Laut neuen Untersuchungen ist 1 von 10 Menschen in den USA an Nahrungsmittelallergien erkrankt, während fast doppelt so viele fälschlicherweise glauben, sie seien lebensmittelallergisch.

Die Forscher befragten mehr als 40.000 Erwachsene im ganzen Land und stellten fest, dass etwa 10 Prozent gegen ein oder mehrere Lebensmittel allergisch waren.

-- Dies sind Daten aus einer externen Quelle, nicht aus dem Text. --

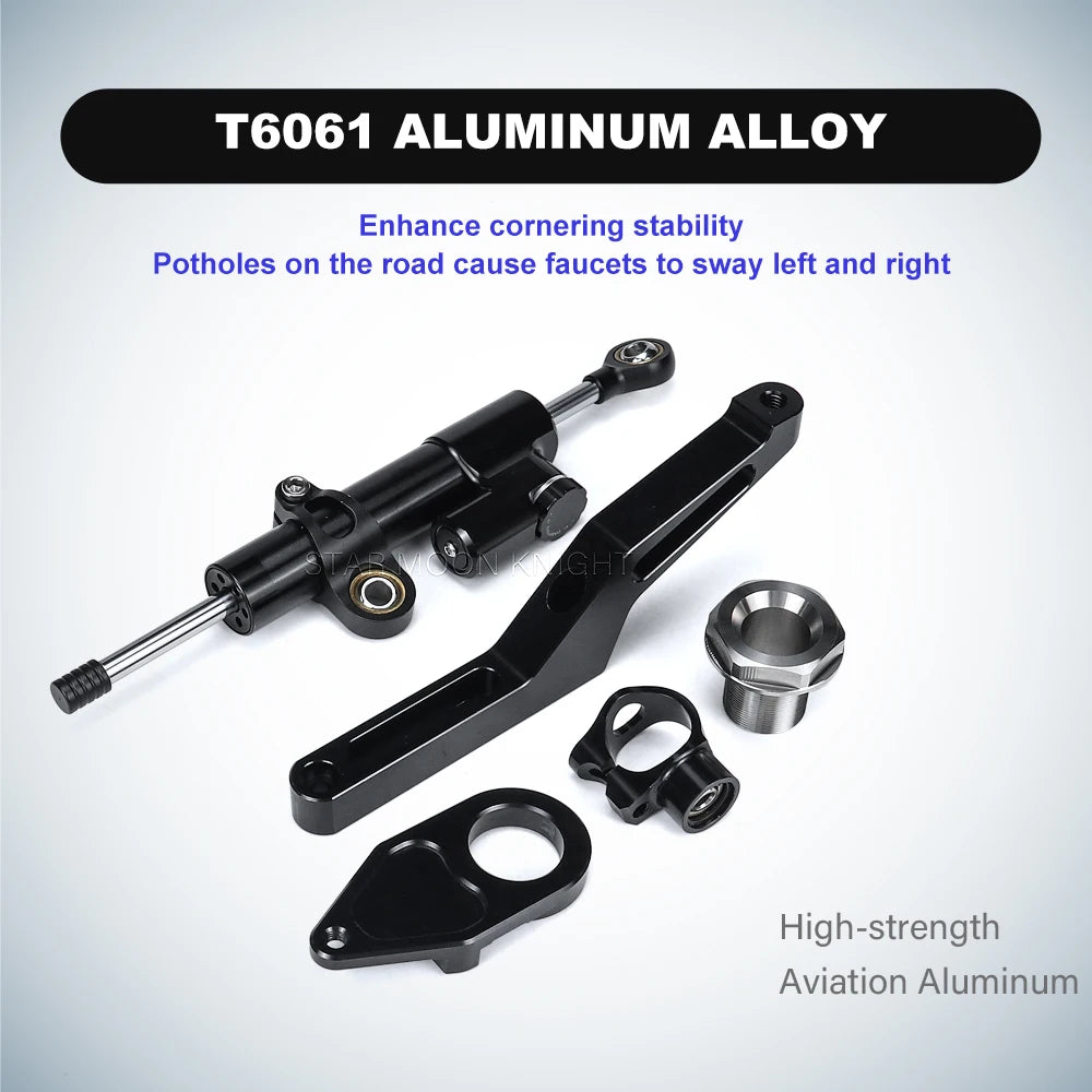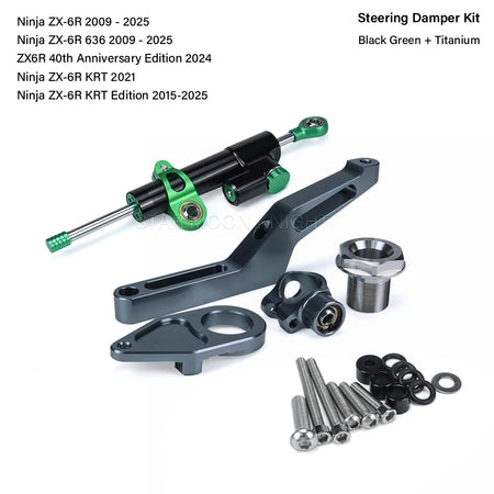 Dizajnirano za vozače Kawasaki Ninja ZX-6R koji zahtijevaju stabilno, responzivno upravljanje, ovaj Set apsorbera upravljača s dodacima za nosač prigušivača pruža precizno prigušenje i stabilnost u uvjetima na cesti i stazi. Izrađeno od CNC-obrađenih aluminijskih blokova i s tvrdim anodiziranim završnim slojem, ostaje ultra-lagano, a istovremeno nevjerojatno snažno, pomažući vam da smanjite umor i održite kontrolu tijekom agresivne vožnje ili vožnje velikim brzinama. Ovaj set je dizajniran za smanjenje podrhtavanja upravljača i pružanje predvidljivijeg povratnog signala, tako da možete voziti s povjerenjem od prvog kruga do posljednjeg.
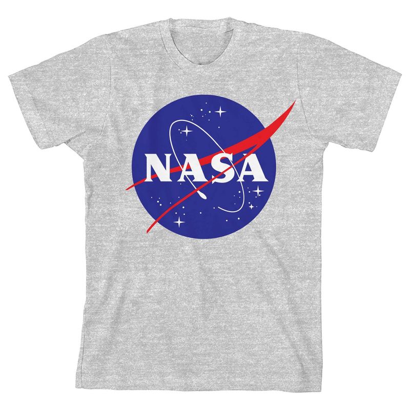 - تيشيرت برسومات جرافيكية: احتفل بوصولنا إلى الحدود النهائية مع هذا التيشيرت للأولاد. يتميز القميص بشعار ناسا الكلاسيكي، الذي يُجسّد اسم الوكالة، على خلفية دائرة زرقاء تُمثّل الفضاء. سيُلهم هذا القميص الأولاد ليحلموا بتوسع الكون.
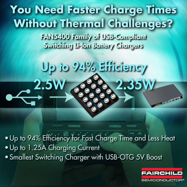 フェアチャイルド セミコンダクター 発熱量を抑え、短時間充電を可能にする USB規格準拠、リチウム・イオン充電池向け、スイッチング・チャージャを発表 Author 東京PR Date 2010-11-25 USB-OTG向け昇圧機能を持つ最小サイズのスイッチング・チャージャ 2010年11月25日 – フェアチャイルドセミコンダクタージャパン㈱(本社:東京都渋谷区、社長:朴贊九)は、USB規格準拠、リチウム・イ
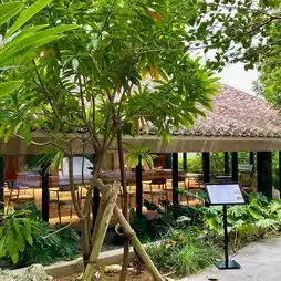 室外泳池也绝对不容错过。四周绿树环绕,每个角度都美得像一幅画。

Sie entdeckten jedoch auch, dass 19 Prozent ihrer Probanden angaben, gegen bestimmte Lebensmittel allergisch zu sein, obwohl sie nicht die körperlichen Reaktionen erlebten, die normalerweise mit einer echten Lebensmittelallergie einhergehen.

Während es keine Frage gibt, dass Nahrungsmittelallergien real sind - und für einige möglicherweise lebensbedrohlich -, können Menschen, die sich ohne Rücksprache mit einem Arzt als Nahrungsmittelallergiker diagnostizieren, ihre Symptome möglicherweise als allergische Reaktion falsch interpretieren, schrieben die Autoren der Studie.

In diesen Fällen könnte das, was die Personen erlebten, eher ein Zeichen einer Nahrungsmittelunverträglichkeit "oder anderer lebensmittelbedingter Zustände" als eine echte allergische Reaktion sein, so der leitende Studienautor Dr. Ruchi Gupta, Kinderarzt und Professor für Pädiatrie an der Feinberg School of Northwestern University Medizin in Illinois, sagte in einer Erklärung.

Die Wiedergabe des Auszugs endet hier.